• _Exercise objective_
From the data below, return the exact lines starting at the line containing "這個噴了迷彩顏色的組裝三輪車" and ending at the line containing "Do sprzedania duża", both included, and nothing else.

• _Input_

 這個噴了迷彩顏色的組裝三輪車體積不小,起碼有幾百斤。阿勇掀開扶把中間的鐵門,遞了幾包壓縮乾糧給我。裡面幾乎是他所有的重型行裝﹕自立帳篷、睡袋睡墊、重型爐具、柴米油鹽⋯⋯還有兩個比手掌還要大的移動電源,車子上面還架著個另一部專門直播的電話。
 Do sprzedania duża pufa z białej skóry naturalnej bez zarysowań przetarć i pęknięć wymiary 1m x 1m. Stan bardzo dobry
* * *
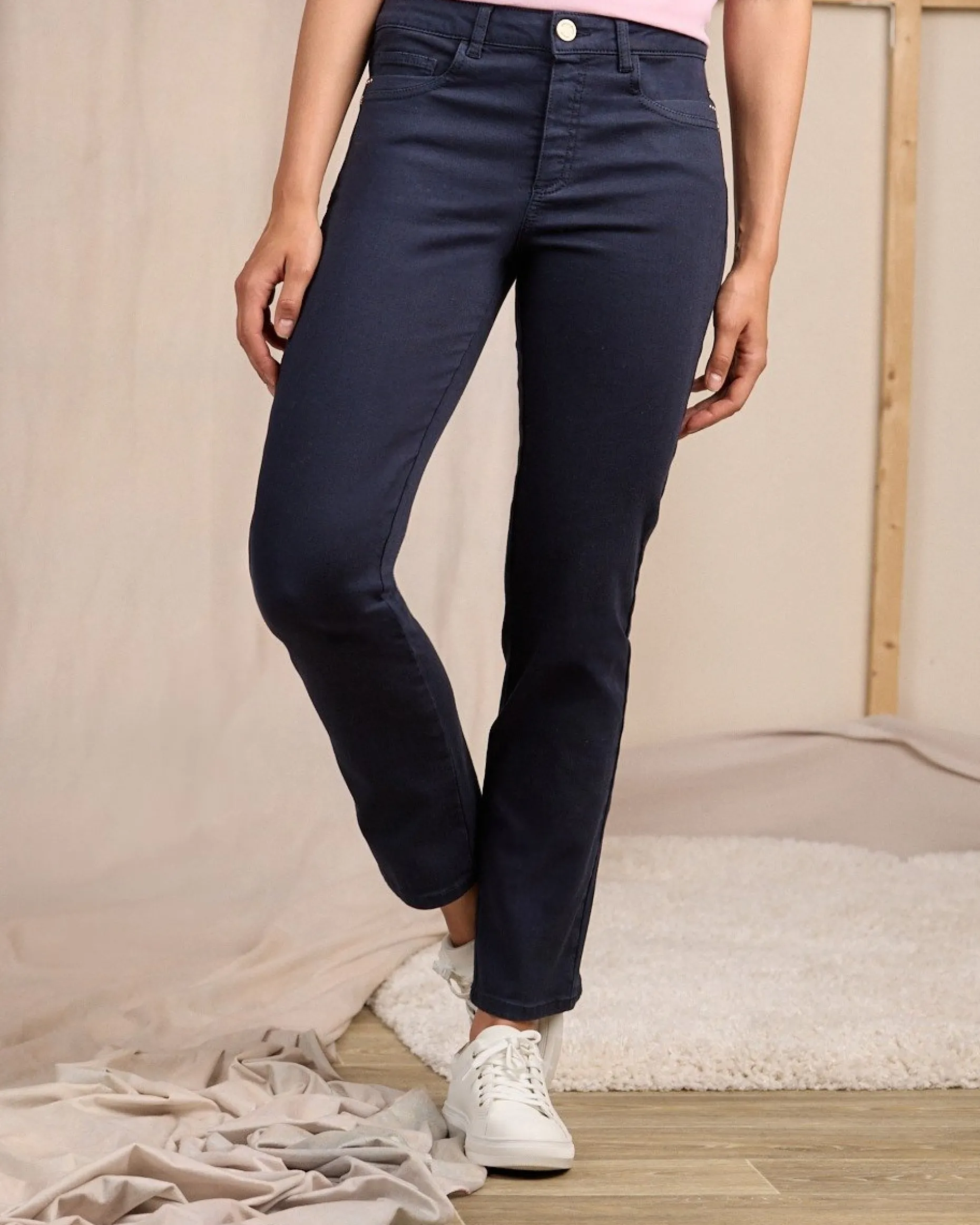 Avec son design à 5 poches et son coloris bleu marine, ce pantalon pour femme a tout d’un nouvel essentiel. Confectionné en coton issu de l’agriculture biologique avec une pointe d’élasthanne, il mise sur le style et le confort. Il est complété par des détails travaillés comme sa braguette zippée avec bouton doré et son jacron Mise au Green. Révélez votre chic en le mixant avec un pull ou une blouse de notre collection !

• _Solution to the problem_
 這個噴了迷彩顏色的組裝三輪車體積不小,起碼有幾百斤。阿勇掀開扶把中間的鐵門,遞了幾包壓縮乾糧給我。裡面幾乎是他所有的重型行裝﹕自立帳篷、睡袋睡墊、重型爐具、柴米油鹽⋯⋯還有兩個比手掌還要大的移動電源,車子上面還架著個另一部專門直播的電話。
 Do sprzedania duża pufa z białej skóry naturalnej bez zarysowań przetarć i pęknięć wymiary 1m x 1m. Stan bardzo dobry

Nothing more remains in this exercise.